Creating stripped-back analogue acid house tracks with soul is notoriously difficult. Congratulations then, to Spain's Nacho Marco, who has successfully nailed the "acid soul" sound with "Open", a kind of basement-friendly take on Deetron blessed with a superb vocal from Aqeel and just the right amount of dark 303 tweakery. Nacho Marco himself provides a couple of notable reworks, with the raw and occasionally brutal Acidub standing out. Elsewhere, there's a brilliantly saucer-eyed, piano-sporting remix from Kiani & His Legion, and a stonking, rave-friendly Basement Tool from the same producer. The latter, all Belgian rave stabs and Chicago jack builds, is arguably the highlight of an excellent EP.

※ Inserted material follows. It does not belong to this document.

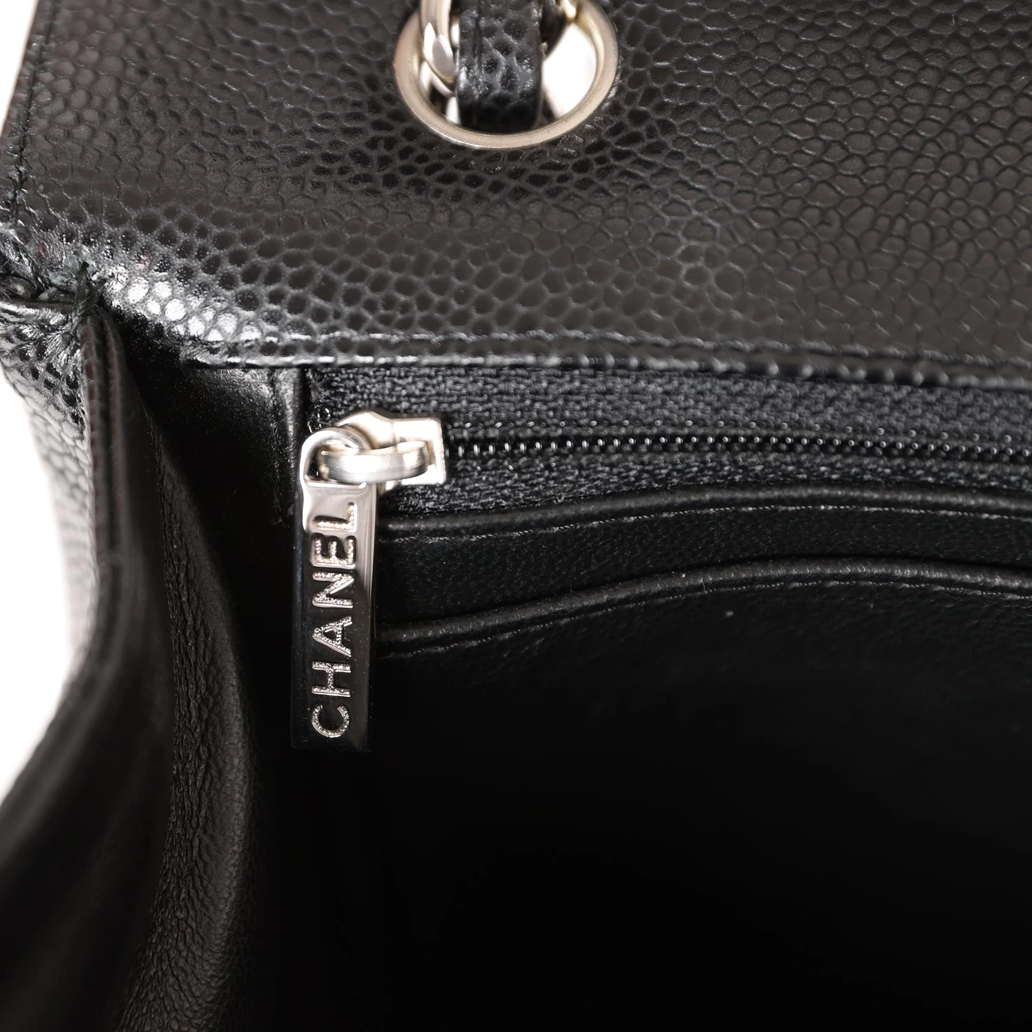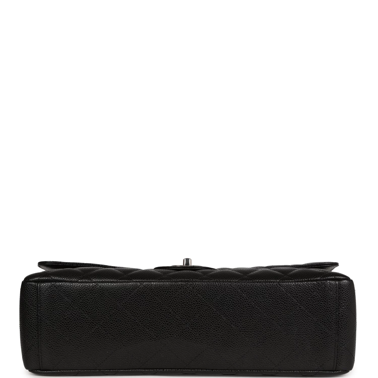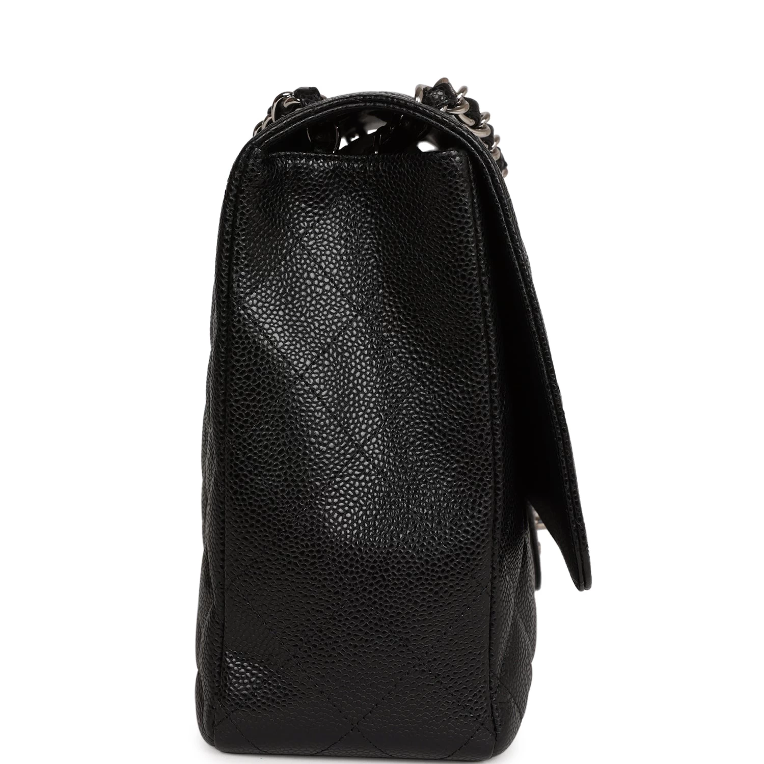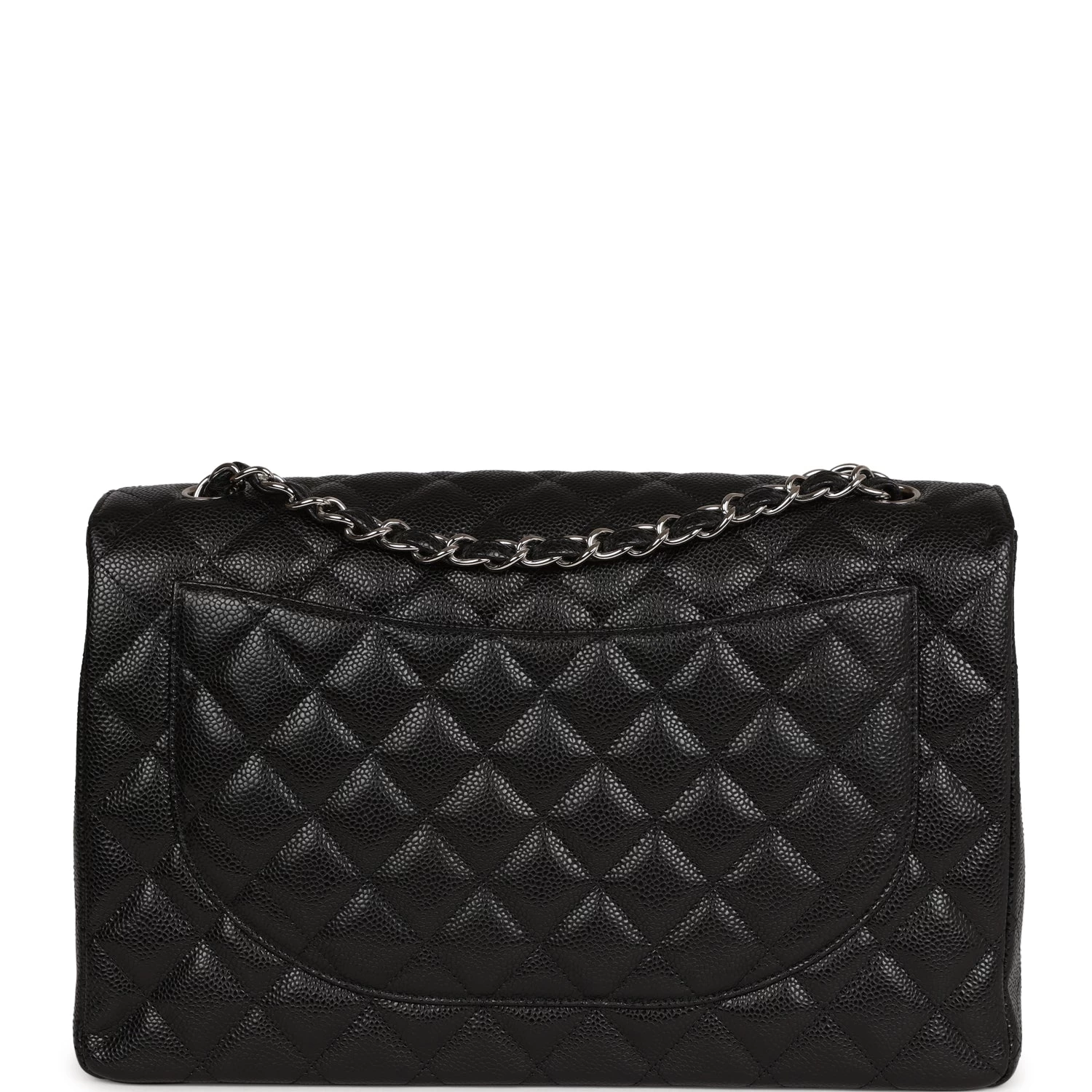 This Maxi Classic Flap bag is in black quilted caviar leather with silver hardware and features a front flap with signature CC turnlock closure, half moon back pocket, and adjustable interwoven silver tone chain link and black leather shoulder strap.
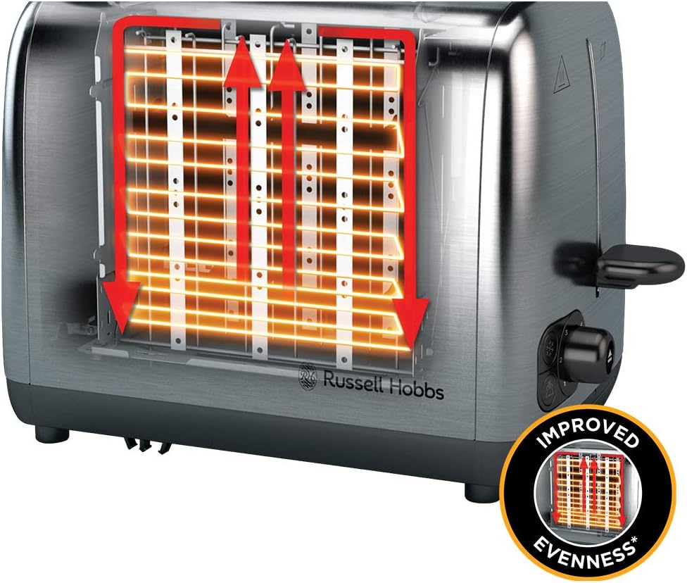 Russell Hobbs 2 Slice Toaster with Perfect Toast Technology for improved evenness (Wide slots, Lift & look feature, 6 Browning levels, Frozen & Cancel function, 850W, Brushed & Stainless Steel) 24080

Cayam is a newcomer, not just to Hypercolour, but also to the world of electronic music at large. Considering this is his debut, No Stress is fairly impressive. Version 1 of the title track is particularly potent, offering a mix of robotic rhythms, mechanical synths and a simple, looped spoken vocal, with just enough cute melodic touches to keep the whole thing rolling forwards. Version 2 is deeper and more hypnotic. It makes great use of a chiming melody and some shuffling, tech-tinged beats, which help give the whole thing an eyes-wide-shut feel. Bonus cut "Doom Gloom" continues in a similar vein, offering an enveloping trip into deep, tech-tinged late night house territory. On this evidence, Cayam could be a name to watch.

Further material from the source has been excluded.